Operators replace the most token-heavy part of prompts: English control flow. Here is the full operator table from spec.py:

SymbolMeaningWhat it replaces
?If / When"If", "When"
?!Unless / If not"If not", "Unless"
->Then"then", "do", "proceed to"
;Else"otherwise", "else"
+And"and", "also", "additionally"
|Or"or", "alternatively"
!!Never"do NOT", "never", "must not"
*Must / Important"must", "required", "important"
::Defined as"means", "is defined as"
@>See / Refer to"see", "refer to", "as described in"
=>Produces"results in", "produces", "yields"
~Approximately"approximately", "roughly", "about"

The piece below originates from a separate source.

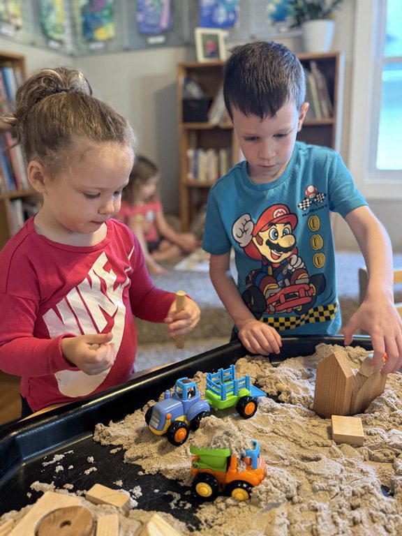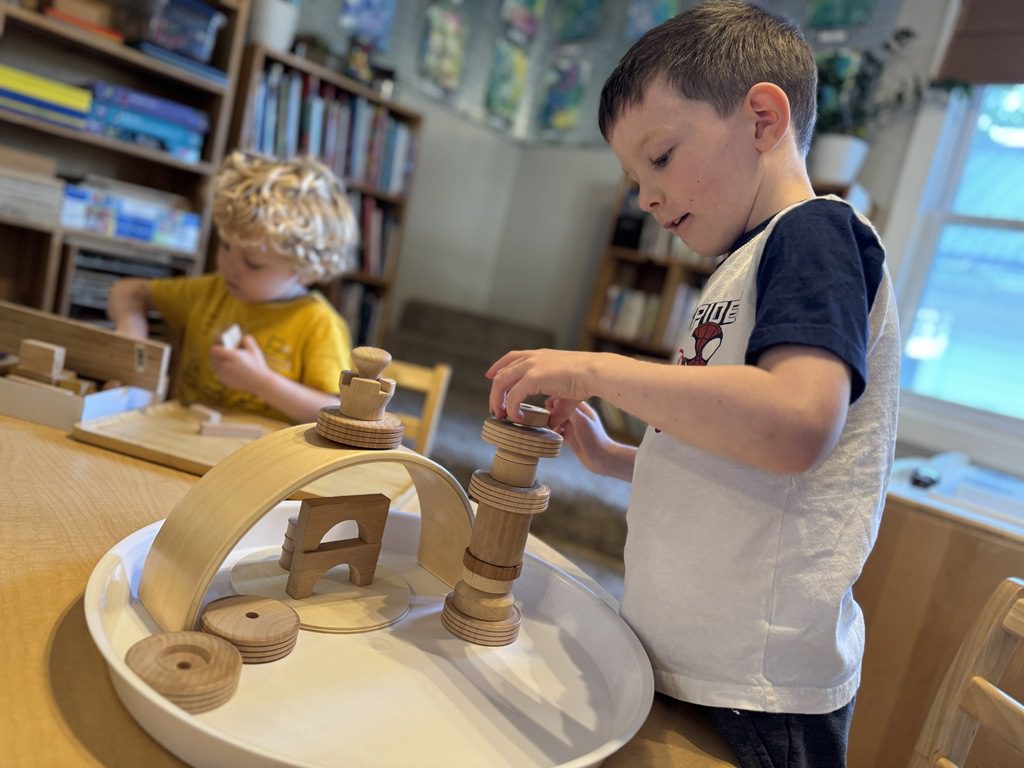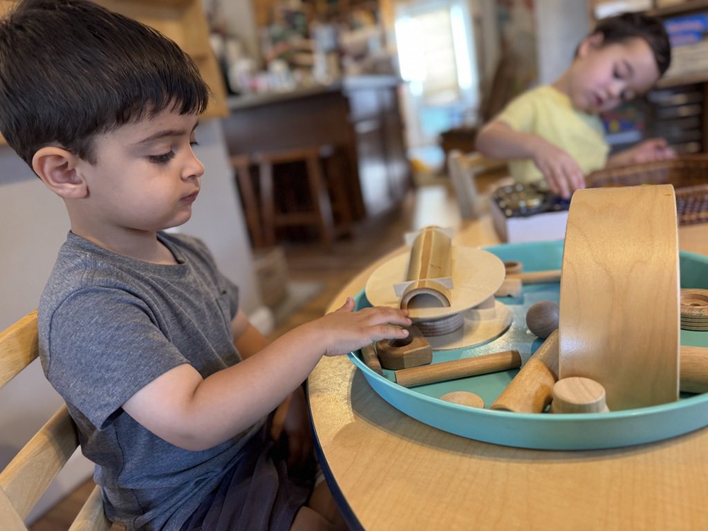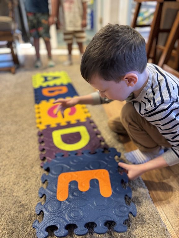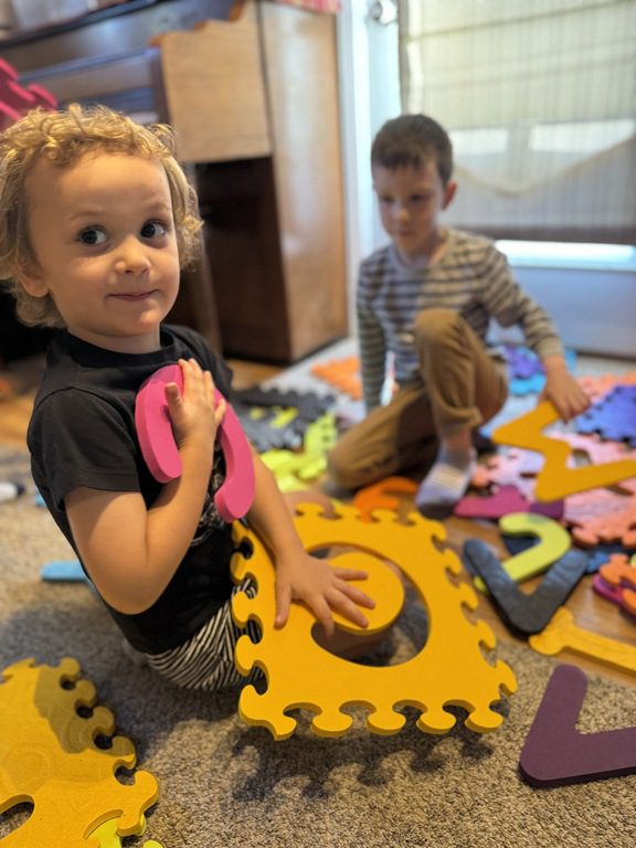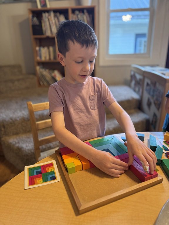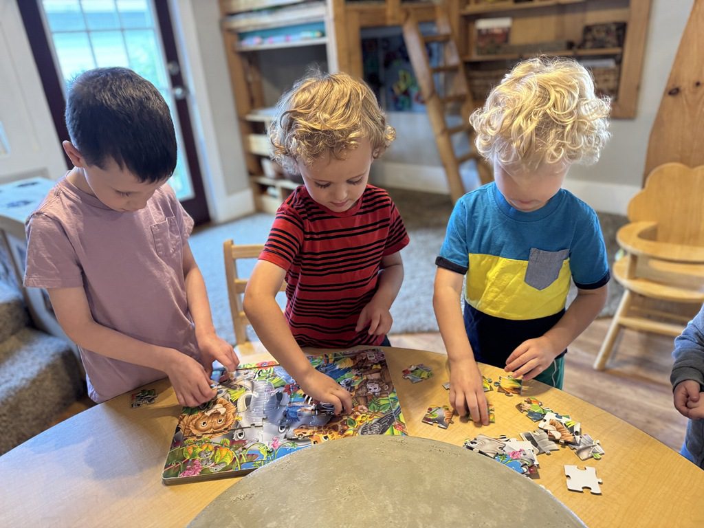 Another interest that popped up for the morning was solving puzzles.  Some kids have been able to put together our most difficult pattern play puzzle.  Several kids got interested in trying more difficult puzzles and challenging themselves.  We saw some great team work as kids helped each other with struggles or gave each other pointers.

The parser matches multi-character operators first (?!, ->, !!, ::, @>, =>) before single-character ones, so ?!exists correctly parses as "unless exists" rather than "if" + "!exists".

Before and after:

English (~120 tokens):
- Before coding a custom solution, always check if a maintained module or plugin exists.
- If a maintained module/plugin exists: recommend it. Link to it. Do NOT reinvent the wheel.
- If a module exists but is abandoned (no updates in 12+ months): code a custom solution
and explain why.
- If no module/plugin exists: code from scratch. State that none was found.

CPF (~35 tokens):
@R:mod-first
?mnt(mod|plg)exists->recommend+link;!!reinvent
?exists+abd(12m+)->code+explain-why
?!exists->code-scratch+state-none-found

That is a ~70% reduction for this block. The grammar — "Before coding", "always check if", "Do NOT", "and explain" — becomes ?, ->, !!, +. The meaning is identical.

Block Sigils

Blocks are the structural unit of CPF. Each sigil tells the LLM what kind of content follows — rules, priorities, sequences, tone, exact literals, or scoped zones:

SigilTypeUse
@R:idRuleConditional rules, decision logic, if/then/else blocks
@P:idPriorityOrdered hierarchies — #1, #2, #3
@N:idNegation"Do NOT" lists, forbidden actions
@S:idSequenceOrdered steps — workflows, pipelines
@T:idTonePersona, voice, style, communication templates
@X:idExactLiteral strings that MUST appear verbatim (front matter, templates)
@Z:idZonePath-scoped rules — "in this directory, do X"
@C:idConstantReusable abbreviation definitions, variable bindings
@B:idBlobHeredoc passthrough (<</>>) — content passed through without compression

The :id suffix names the block so the LLM (and humans) can reference it. For example, @R:mod-first names a rule block "mod-first" and @P:default-priorities names a priority list.

Priority block example:

@P:default-priorities
#1 stab+sec
#2 perf+cch correctness
#3 Maintainability+standards compliance
#4 Automation safe+observable
#5 dx+doc

Compare to the English version:

Default priorities (in order):
1. Stability and security come first.
2. Performance and cache correctness are second priority.
3. Maintainability and standards compliance.
4. Automation that is safe and observable.
5. Developer experience and documentation.

Zone block example:

@Z:workspace-boundaries
`/Documents/work` — Read-only library. may read+learn from code here, but never modify.
`/Documents/things` — Forbidden. Never read, write,|run anything in folder.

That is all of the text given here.